After the Paris massacre, the debate around freedom of speech grew, for a while, completely epidemic. This always happens with every controversial issue, and it doesn’t seem to me like much of a debate when everyone says the same thing. First, everyone put Charlie Hebdo in a pedestal and gloriously claimed “Je suis Charlie”. Then everyone grew angrier and angrier at Charlie and it is a commonplace opinion that freedom has its limits.

The problem with defining limits is who defines them and how to draw the line. In a reaction against the cartoon which depicted Mohomed, people are starting to show less and less toleration of “hate speech”. It is not absurd to hear that Charlie got what he deserved.

I hope I don’t come off as a defender of hate speech, but I believe it is impossible to agree on what is tolerable or not. For example, many people demand that “Family Guy” gets banned because they find it offensive. Other people, however, find it quite amusing, so to ban the show would be to take away the freedom, not only of the writers, but mostly of the people who freely chose to watch it. This is why I consider that limiting freedom of speech is dictatorial: no one is forcing anyone to see or read anything at all, so if someone doesn’t agree with something he/she is completely free to not watch it or read it. Of course some thing offend me, I don’t like some types of humor but I wouldn’t think about forbidding it because if we start forbidding things just because they offend someone then sooner or later we won’t be able to say anything at all as everything unconventional is offensive in at least one point of view. Having the media being “filtered” as I heard people suggesting is really no different from censorship.

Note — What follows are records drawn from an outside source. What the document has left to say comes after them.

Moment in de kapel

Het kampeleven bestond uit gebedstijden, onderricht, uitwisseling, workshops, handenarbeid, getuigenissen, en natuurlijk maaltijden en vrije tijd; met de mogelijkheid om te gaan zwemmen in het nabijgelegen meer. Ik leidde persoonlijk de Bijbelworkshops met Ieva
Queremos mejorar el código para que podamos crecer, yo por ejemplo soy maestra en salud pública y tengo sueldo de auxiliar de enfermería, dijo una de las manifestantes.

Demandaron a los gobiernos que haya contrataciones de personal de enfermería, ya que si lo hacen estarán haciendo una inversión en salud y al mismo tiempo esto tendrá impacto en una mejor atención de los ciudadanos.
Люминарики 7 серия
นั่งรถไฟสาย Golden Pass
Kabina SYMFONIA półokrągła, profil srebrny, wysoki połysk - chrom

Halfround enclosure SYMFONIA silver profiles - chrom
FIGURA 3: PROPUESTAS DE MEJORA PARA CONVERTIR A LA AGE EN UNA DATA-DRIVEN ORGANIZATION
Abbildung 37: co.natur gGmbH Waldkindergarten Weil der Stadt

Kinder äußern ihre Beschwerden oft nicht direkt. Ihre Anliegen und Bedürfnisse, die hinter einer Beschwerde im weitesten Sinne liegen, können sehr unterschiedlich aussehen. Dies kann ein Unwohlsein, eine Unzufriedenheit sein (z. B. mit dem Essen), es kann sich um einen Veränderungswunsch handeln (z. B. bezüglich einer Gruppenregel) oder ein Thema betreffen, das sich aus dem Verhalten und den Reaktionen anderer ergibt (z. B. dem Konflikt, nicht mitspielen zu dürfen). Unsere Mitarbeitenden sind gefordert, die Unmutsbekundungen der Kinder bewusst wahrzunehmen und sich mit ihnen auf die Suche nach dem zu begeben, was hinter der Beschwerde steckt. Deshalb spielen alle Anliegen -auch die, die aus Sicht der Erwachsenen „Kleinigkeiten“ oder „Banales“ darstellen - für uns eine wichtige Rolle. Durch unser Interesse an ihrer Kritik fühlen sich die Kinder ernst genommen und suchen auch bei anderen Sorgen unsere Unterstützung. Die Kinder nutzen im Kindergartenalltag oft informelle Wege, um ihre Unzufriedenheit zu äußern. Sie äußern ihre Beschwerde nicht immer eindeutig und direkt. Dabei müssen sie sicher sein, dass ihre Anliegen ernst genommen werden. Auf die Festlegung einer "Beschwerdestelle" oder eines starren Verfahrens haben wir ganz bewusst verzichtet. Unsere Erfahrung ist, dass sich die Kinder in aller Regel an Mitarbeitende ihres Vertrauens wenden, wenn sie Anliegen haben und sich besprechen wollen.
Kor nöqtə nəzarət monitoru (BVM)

Without freedom, we are just puppets. I recently read a book (Rosencrantz and Guildenstern are Dead) in which the characters were on a boat following orders to go to England and they realized it was the perfect metaphor for the illusion of freedom: they were in a contained space, able to move within the perimeter of the boat and make decisions like going to sleep, eating or drinking but independently the boat followed its course and they were taken by it. We all are those characters: we can make decisions like where to live and what job to pursue but ultimately there are other forces commanding the boat for us. We have laws (explicit and implicit) and so many social constraints that actually freedom is an illusion not so different from the boat.

How to draw the line? Mankind is not prepared to have no laws and that would be impossible because the majority of people can’t even imagine that. I believe in a coexistence without any law, but I recognize that in the immediate time it would be disastrous. In my view, only laws that ensure that one person’s freedom doesn’t obstruct another person’s freedom are legitimate. This means that harming other people is not acceptable as everyone is (or should be) free to live without the fear of being harmed.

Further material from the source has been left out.